Нехитрая диалектика, но ничего лучшего люди так и не выдумали. Потому что ни радости нет, ни покоя без неусыпной тревоги, без высокого страха за близкую, слепо доверившуюся душу. Мечов встал, рванул штору, заслоняясь от настырных, высвечивающих до дна лучей. Притихший заколдованный двор расстилался мертвой пустыней. Лихорадочным глянцем отсверкивали отвалы почерневшего снега. Танцевали обрывки бумаги на ветру, сонным кругом гулявшие за трансформаторной будкой. Тощая кошка с отстриженными стужей ушами заполярным сфинксом сидела на детских качелях.

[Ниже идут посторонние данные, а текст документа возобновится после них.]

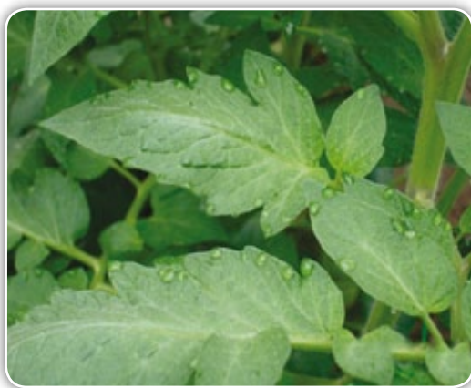
Figura 4.8. Rocío depositado sobre las plantas por alta humedad relativa

suelo); por tanto, se debe evitar al máximo el escape del aire caliente a través del cierre de las cortinas, lo cual debe hacerse en promedio alrededor de las 3 o 4 de la tarde. Generalmente la cubierta es la superficie más fría sobre la que se deposita en su interior la condensación de la humedad del ambiente, y si la cubierta no tiene aditivos (anticondensación) la humedad se sitúa sobre el follaje de las plantas en forma de rocío (Figura 4.8), el cual es uno de los factores de mayor predisposición para el ataque de enfermedades como la gotera ( Phytophthora infestans ) y mancha gris ( Botrytis cinerea ). Otra alternativa es la quema de leña o carbón dentro de recipientes metálicos en el interior del invernadero formando brasa (no llamarada) en las horas de la noche cuando esté más baja la temperatura, colocando los recipientes en sitios estratégicos al interior del invernadero y cuidando de no causar algún tipo de incendio. Dichos recipientes deben ser tapados dejando una pequeña abertura para la entrada de oxígeno a fin de mantener la brasa prendida por un mayor tiempo. Es importante al día siguiente abrir el invernadero para permitir la salida del gas carbónico.

Он прошел в кухню, где на полке, рядом с нехитрой посудой, стоял много раз битый, подлеченный эпоксидным клеем телефон. Более не раздумывая, хоть часы показывали четыре, набрал ее номер. Вслушиваясь в редкие замороженные гудки, заново переживал смятение, охватившее его четыре года назад у самолетного трапа. Теперь он, наконец, решился. Летел назад, торопя минуты. Ледяными шариками выкатывались и падали гудки.
Кажется, он безнадежно опоздал. Возвращаться было некуда. Неделей раньше и вообразить было трудно, что это может доставить такую боль. Неужели он просто не знал себя? Значит ли это, что он любит и любил всегда? Или всему виной только бессонница, насылающий полуночное безумие липкий малиновый свет?

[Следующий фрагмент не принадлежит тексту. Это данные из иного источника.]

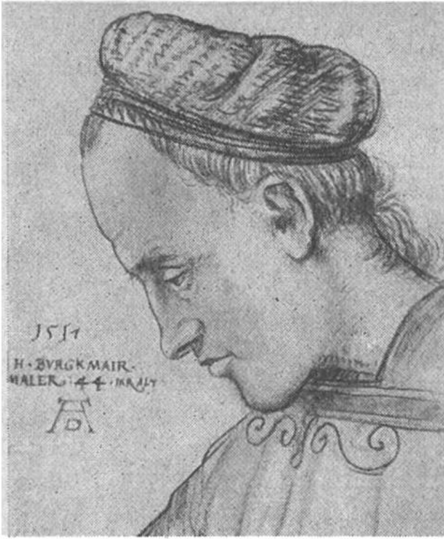
Selbstbildnis des Künstlers. (Dürer-Monogramm später hinzugefügt.)

Зыбко было ему, неуверенно…
Оборвались внезапно томительно длившиеся гудки, словно заполнили отведенное для них вымороченное пространство. Настороженная слабо потрескивающая тишина почему-то больше всего напугала Андрея, и он поспешил опустить трубку.
Стараясь не гадать, где могла быть сейчас Валентина, — дежурство в диспансере? — Мечов рухнул ничком на диван и накрылся подушкой.
Уснуть, во что бы то ни стало уснуть, ни о чем не думать, ничего не решать. Но он упорно вспоминал, мысленно перебирая последние встречи, толковал и перетолковывал ее уклончивую, необычно кроткую покорность. Это было так неожиданно для него, так ново, что даже не удивлялся. Принял как свершившийся факт. Оба они переменились за эти дни, и он не знал, к добру это или к несчастью. Подозревал, что к худу, потому что плохо, когда уходит радость и легкость и остается затаенная грусть. Валентина что-то обдумывала, что-то решала. За себя, за него? За обоих?.. Бог весть. Ее движения, слова, а еще более недоговоренности, раскрывались Мечову с теневой неожиданной стороны, наполнялись беспокойным смыслом, который требовалось разгадать. Казалось, невидимый свет, пронзивший его во мраке черного кабинета, высветил нечто очень важное для него, идущее из самых недр его существования, о чем и сам он дотоле не подозревал.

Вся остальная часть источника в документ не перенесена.